With Porsche put in charge of sports car and luxury sedan development at the Volkswagen Group, we’re going to start seeing the sports car brand developing a greater number of models for fellow Volkswagen Group brands, including the likes of Audi and Bentley. Such a task is made possible due to the development of a new range of modular platforms, in particular, the Modular Standard Platform from Porsche.

This platform, known as the “Modularer Standardantrieb-Baukasten” in German, is for a conventional front-engine, rear-wheel drive layout, hence the word “standard” in its title. A variation of this platform, the Modularer Sport-Baukasten, or Modular Sport Platform, is also being developed, and this one will feature engines in either a mid or rear position. The Modular Sport Platform will be used for a range of future sports cars from the Volkswagen Group, including the next 911.

It was previously thought that this platform would also spawn the next-generation Audi R8 and Lamborghini Gallardo replacement, but Car and Driver is reporting that the next R8 will stick to an Audi platform, which means it’s likely the Gallardo replacement will too. Apparently the next R8, which is expected to arrive in late 2014, is already too far into its development to switch to Porsche’s Modular Sport Platform.

Before Porsche’s Modular Sport Platform came into the picture, Audi was reportedly developing an enhanced version of the current R8’s aluminum spaceframe for the car's successor. The enhancements were to include the use of carbon fiber in the construction of the spaceframe, in particular, for the rear bulkhead between the seat backs, as well as for the engine compartment and B-pillars.

Something similar to this concept was revealed at the 2012 Paris Auto Show just last month, suggesting Audi is still working on a new platform. Displayed in the Audi Crosslane concept was a new platform Audi labeled a ‘multi-material’ spaceframe.

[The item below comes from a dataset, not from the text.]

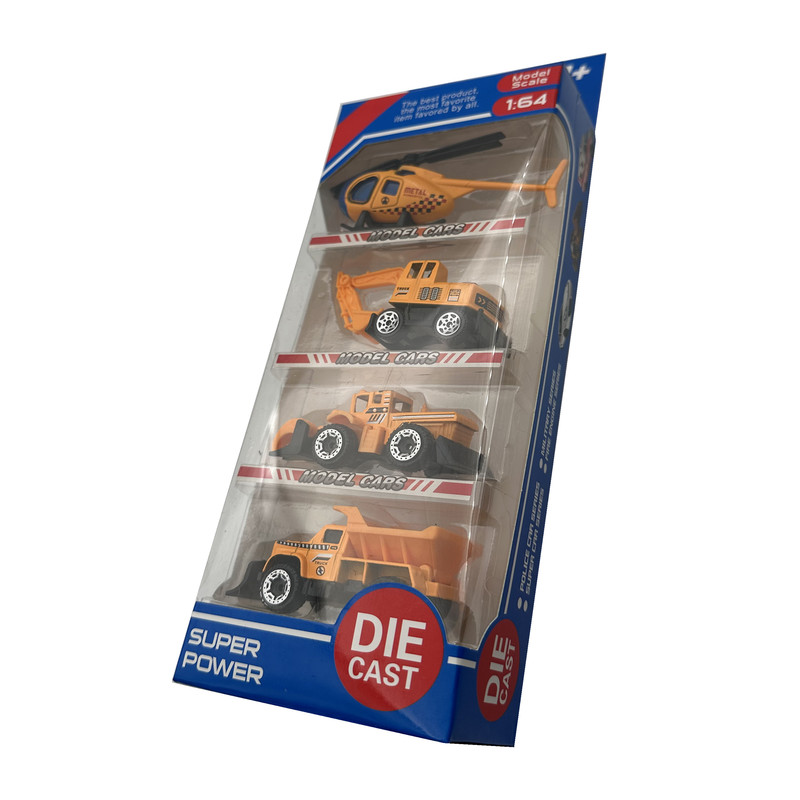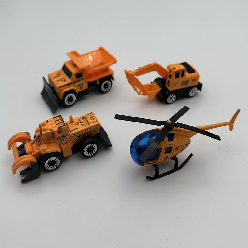 ست راهسازی فلزی بسته 4 عددی حاوی 1 عدد هلی کوپتر و 3 مدل ماشین راهسازی مختلف می باشد. این ست راهسازی 4 عددی دارای حرکت عادی بر روی زمین می باشد که ساخت کشور چین است.

Instead of purely aluminum, the multi-material spaceframe in the Crosslane concept combined aluminum, carbon fiber and even some fiberglass to make a structure that’s almost as sturdy and light as a full carbon structure, but significantly cheaper to produce in volumes. It’s almost certain that this construction method will feature on the next-generation R8.

As for engines, we've previously reported that the next R8 will once again feature a two-engine lineup, utilizing enhanced versions of the current model’s powerplants. This means a normally-aspirated 4.2-liter V-8 in the base car and a normally-aspirated 5.2-liter V-10 in the range-topper.

Look out for the new R8 to go on sale in early 2015, as a 2016 model.